Why GAO Did This Study:
The U.S. Department of Education (Education) manages one of the
largest discretionary appropriations of any federal agency, and plays
a key role in supporting efforts to meet the nation‘s education goals.
While Education managed a discretionary appropriation of over $160
billion in fiscal year 2009 and was responsible for administering
about 200 grant programs, it has the smallest workforce of any cabinet
agency. As requested, this report examines (1) the key high-level
management challenges facing Education, (2) Education‘s strategic
management of its workforce, (3) Education‘s design of internal
controls to help ensure accountability over contracts and student aid
grants, and (4) Education‘s information technology (IT) management
controls. To do this, GAO reviewed relevant Education documents and
interviewed Education program and management officials about strategic
workforce management, IT, contracts, and Pell Grants.
What GAO Found:
Education faces challenges in managing expanded responsibilities and
evolving program priorities. In recent years Education has faced a
large increase in the amount of grant funding and programs that it is
responsible for managing. Education‘s annual budget increased by
nearly 36 percent in real terms between fiscal years 2000 and 2008,
and Congress authorized additional funds under the American Recovery
and Reinvestment Act of 2009 (Recovery Act). Education will be further
challenged to administer additional competitive programs under the
Recovery Act, and current legislative proposals may shift additional
programs to competitive award processes. This new emphasis on
competitive programs may change job requirements for grants managers
and increase demands on staff to monitor these programs.

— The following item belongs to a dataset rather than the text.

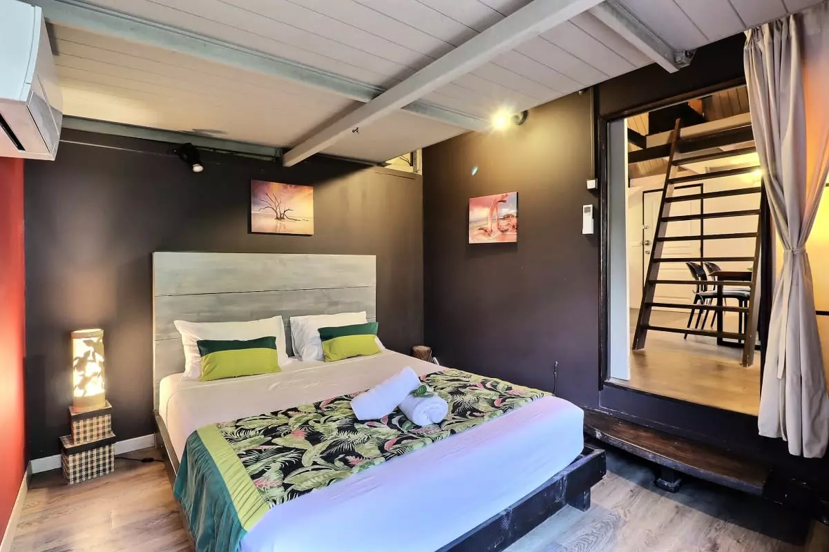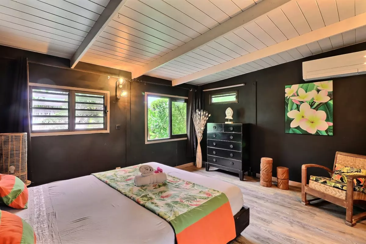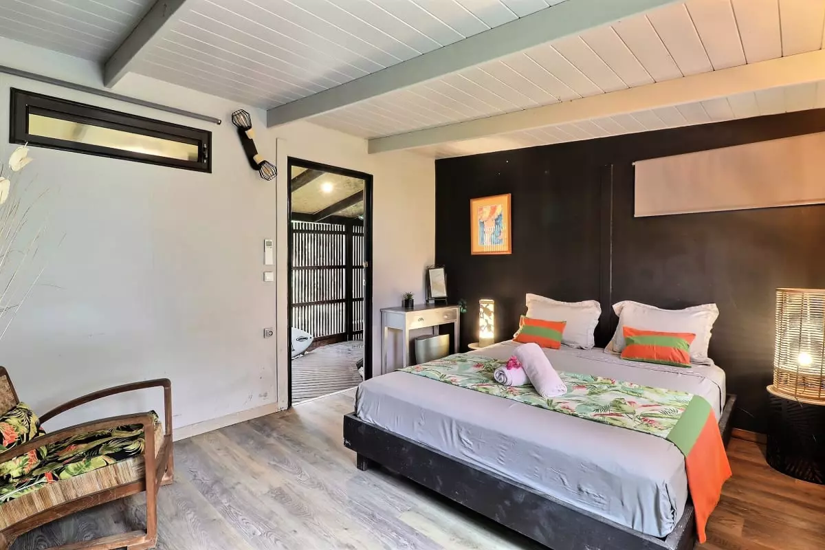 A air-conditioned bedroom faces the sea. Equipped with a double bed (160 x 200 cm), it offers a direct view of the lagoon and constitutes a true cocoon of tranquility.
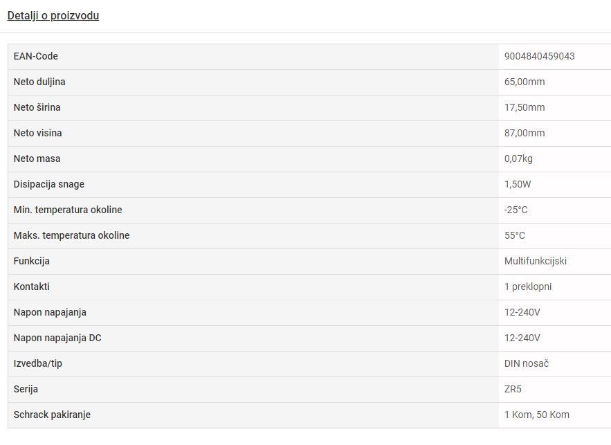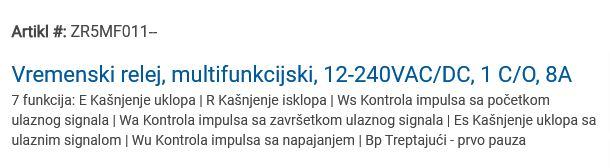 NAPAJANJE: 12-240VAC/DC, JEDAN PREKLOPNI KONTAKT: 1 C/O( 8A).

Education has improved its strategic workforce planning and
performance management systems, but lacks workload data and sufficient
oversight of performance standards and appraisals. Education has
addressed many key elements of effective strategic workforce planning
identified by GAO. However, a lack of reliable data on workload has
limited the ability of the agency to accurately estimate resource
needs and inform workforce planning efforts. Education has recently
made improvements to its performance management system, but the system
lacks sufficient oversight to ensure that performance standards and
appraisals are consistent across the department.
Education has developed overall guidance directed at maintaining
financial accountability over two of its challenging resource
management areas”contract monitoring and Pell Grants. However,
Education has not yet developed and implemented detailed procedures
for all control activities essential to ensuring that its contract
monitoring policy directives are effectively carried out, including
conducting supervisory reviews and documenting contract monitoring
activity. Such deficiencies impair Education‘s ability to maintain
effective financial accountability over its significant contract
resource investment. GAO‘s review of internal controls over its Pell
Grants program did not identify any flaws in their overall design.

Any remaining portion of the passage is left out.